**EXERCISE GOAL**
Using the data that follows, return exactly the lines from the one that contains "Lot 409 , An" through the one that contains "Fotografi från första", ends included.
───── THE DATA ─────
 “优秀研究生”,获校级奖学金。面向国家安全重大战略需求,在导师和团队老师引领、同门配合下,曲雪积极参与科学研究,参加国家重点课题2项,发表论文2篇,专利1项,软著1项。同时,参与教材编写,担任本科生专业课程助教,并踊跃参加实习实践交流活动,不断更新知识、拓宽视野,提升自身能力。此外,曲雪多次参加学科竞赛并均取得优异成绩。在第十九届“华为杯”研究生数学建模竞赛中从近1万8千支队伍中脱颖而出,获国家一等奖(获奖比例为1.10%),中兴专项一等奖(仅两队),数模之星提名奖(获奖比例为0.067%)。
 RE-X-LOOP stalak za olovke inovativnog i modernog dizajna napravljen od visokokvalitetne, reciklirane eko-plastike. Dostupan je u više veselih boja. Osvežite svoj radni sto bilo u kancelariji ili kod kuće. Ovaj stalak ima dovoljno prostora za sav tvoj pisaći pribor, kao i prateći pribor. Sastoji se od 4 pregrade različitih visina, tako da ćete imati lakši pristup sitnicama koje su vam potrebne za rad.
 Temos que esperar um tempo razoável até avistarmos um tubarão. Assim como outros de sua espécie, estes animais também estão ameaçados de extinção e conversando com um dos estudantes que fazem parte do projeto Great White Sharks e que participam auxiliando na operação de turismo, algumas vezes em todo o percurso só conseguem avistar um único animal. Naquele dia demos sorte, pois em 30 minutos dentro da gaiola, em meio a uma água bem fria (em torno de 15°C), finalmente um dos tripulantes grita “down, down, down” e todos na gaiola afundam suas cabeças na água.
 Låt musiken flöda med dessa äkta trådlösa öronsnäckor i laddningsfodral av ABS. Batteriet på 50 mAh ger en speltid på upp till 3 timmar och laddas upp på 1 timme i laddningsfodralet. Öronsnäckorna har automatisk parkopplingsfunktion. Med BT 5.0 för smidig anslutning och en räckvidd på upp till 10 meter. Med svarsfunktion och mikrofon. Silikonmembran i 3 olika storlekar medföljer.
─────
───── THE DATA ─────
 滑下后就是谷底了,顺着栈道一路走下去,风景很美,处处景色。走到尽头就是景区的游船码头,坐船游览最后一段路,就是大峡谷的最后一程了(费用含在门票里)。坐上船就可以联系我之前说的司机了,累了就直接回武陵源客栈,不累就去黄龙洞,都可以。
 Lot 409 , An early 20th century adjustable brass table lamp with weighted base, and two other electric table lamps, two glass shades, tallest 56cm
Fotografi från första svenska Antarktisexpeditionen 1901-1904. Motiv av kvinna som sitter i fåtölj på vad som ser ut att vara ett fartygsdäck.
─────
**COMPLETED EXERCISE**
 Lot 409 , An early 20th century adjustable brass table lamp with weighted base, and two other electric table lamps, two glass shades, tallest 56cm
Fotografi från första svenska Antarktisexpeditionen 1901-1904. Motiv av kvinna som sitter i fåtölj på vad som ser ut att vara ett fartygsdäck.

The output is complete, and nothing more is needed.